The liberal churchman, Frederick W. Robertson, who clearly knew well works of the now-canonical Victorian authors, such as Charlotte Brontë, Carlyle, Tennyson, and Gaskell, exemplifies how widely and seriously influential contemporaries read Ruskin. When a friend sent him one of Ruskin's works in the year of its appearance, Robertson responded, "Thank you most gratefully for "The Stones of Venice." There are no writings which, at the present moment, offer such interest to me as Ruskin's. They give a truth to repose on which is real, whatever else is unreal" (Letter 138, p. 201). Other mentions of Ruskin in his correspondence show that the clergyman was not just an eager reader but one who believed his works had such importance that one should not just read them for entertainment and information but study them for real enlightenment, — which meant in practice that they should be read intensively like the Bible and other crucial texts. As he told a correspondent,

I rejoice that you have taken up Ruskin; only let me ask you to read it very slowly, to resolve not to finish more than a few pages each day. One or two of the smaller chapters are quite enough — a long chapter is enough for two days, except where it is chiefly made up of illustration from pictures; those can only be read with minute attention when you have the print or picture to which he refers before you; and those which you can so see, in the National Gallery, Dulwich, &c., you should study, with the book, one or two at a time. The book is worth reading in this way: study it — think over each chapter and examine yourself mentally, with shut eyes, upon its principles, putting down briefly on paper the heads, and getting up each day the principles that you gained the day before. This is not the way to read many books, but it is the way to read much; and one read in this way, carefully, would do you more good, and remain longer fructifying, than twenty skimmed. Do not read it, however, with slavish acquiescence; with deference, for it deserves it, but not more. And when you have got its principles woven into the memory, hereafter, by comparison and consideration, you will be able to correct and modify for yourself. [Letter 90, Life and Letters, 203]

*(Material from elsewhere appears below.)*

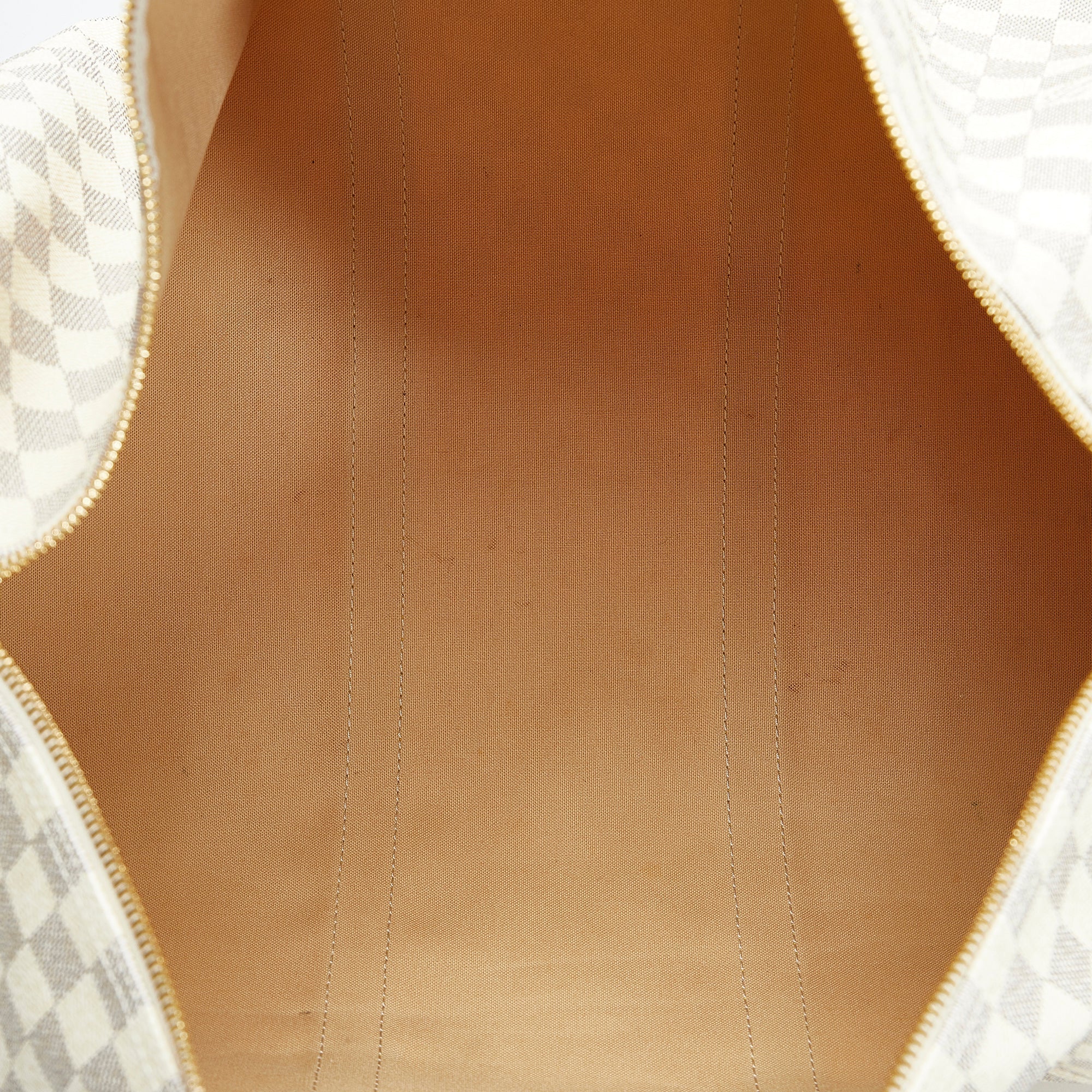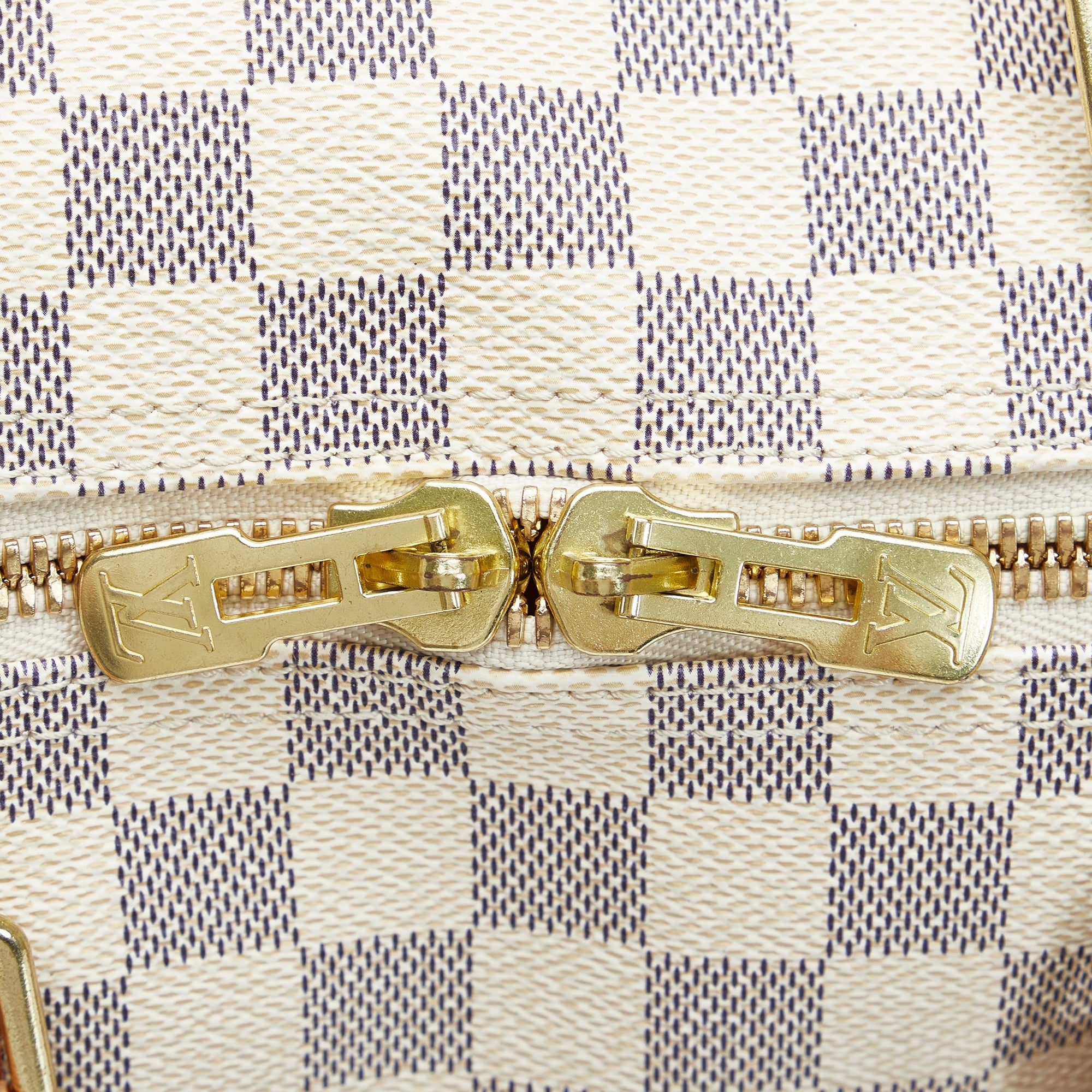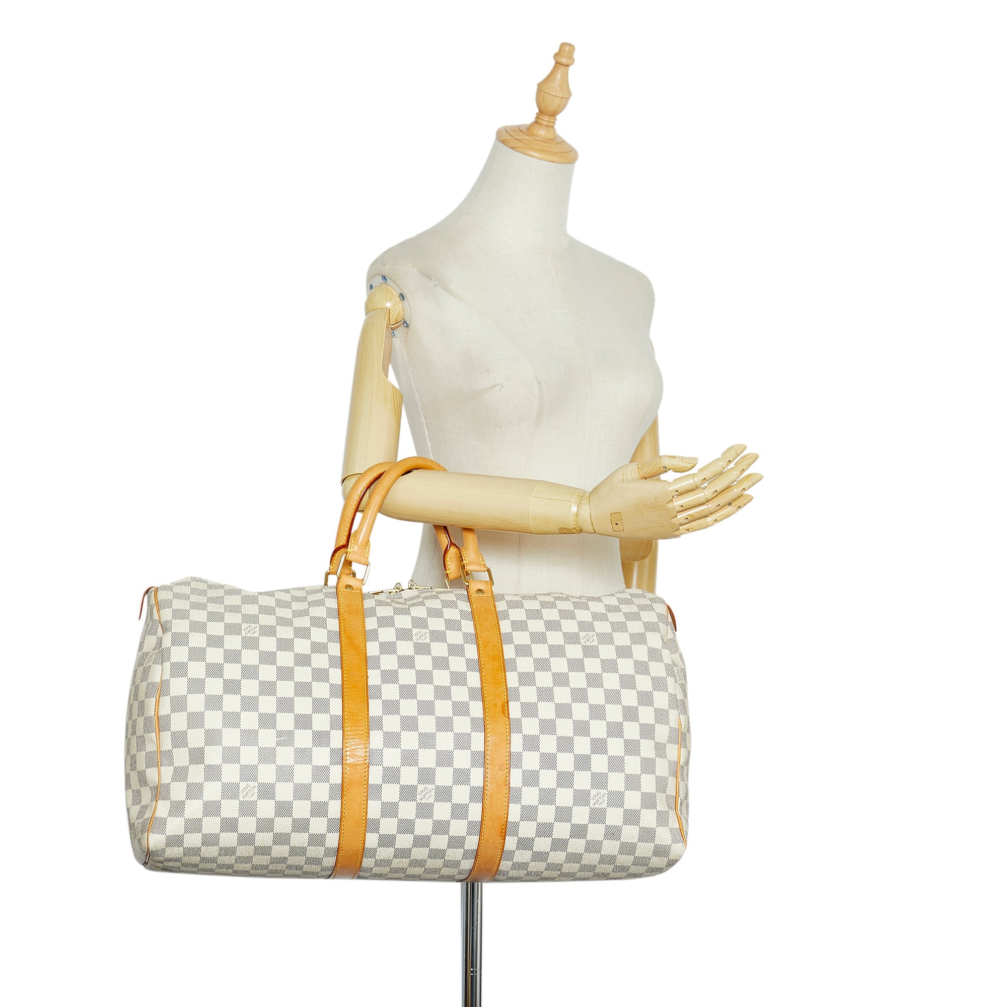The LV Keepall 50 is a true classic from the LV travel bag collection. It is made of the popular checkerboard Damier Azur Canvas and features a double gold-tone brass zipper. A great companion for a weekend trip.

Robertson tells his correspondent to read Ruskin essentially the way Ruskin tells the young artist at the close of the first volume of Modern Painters to study nature: study it carefully and respectfully and once you know it well then you can step back and modify it.

As a letter written on 8 March 1852 demonstrates, he took his own advice to mind and Ruskin's text, a passage either from the first two volumes of Modern Painters or the first volume of The Stones of Venice, comes to him when visiting Cheltenham:

The day was lovely in the extreme. We went over the hills, one of my favourite walks. The more I see f this place and the environs, the more I am struck by its beauty, as if I had never seen it before; yet in all probability part of the beauty of scenery depends upon your knowing all the points far and near, so that imagination assists the eye very much, and you supply what you know to what you see. Ruskin, I recollect, has sme good remarks on the this.

References

Brooke, Stopford A. Life and Letters of Fred[erick]. W. Robertson, M. A., Incumbent of Trinity Chapel, Brighton, 1847-53. People's Edition. London: Kegan Paul, Trench, Trübner, & Co., 1902.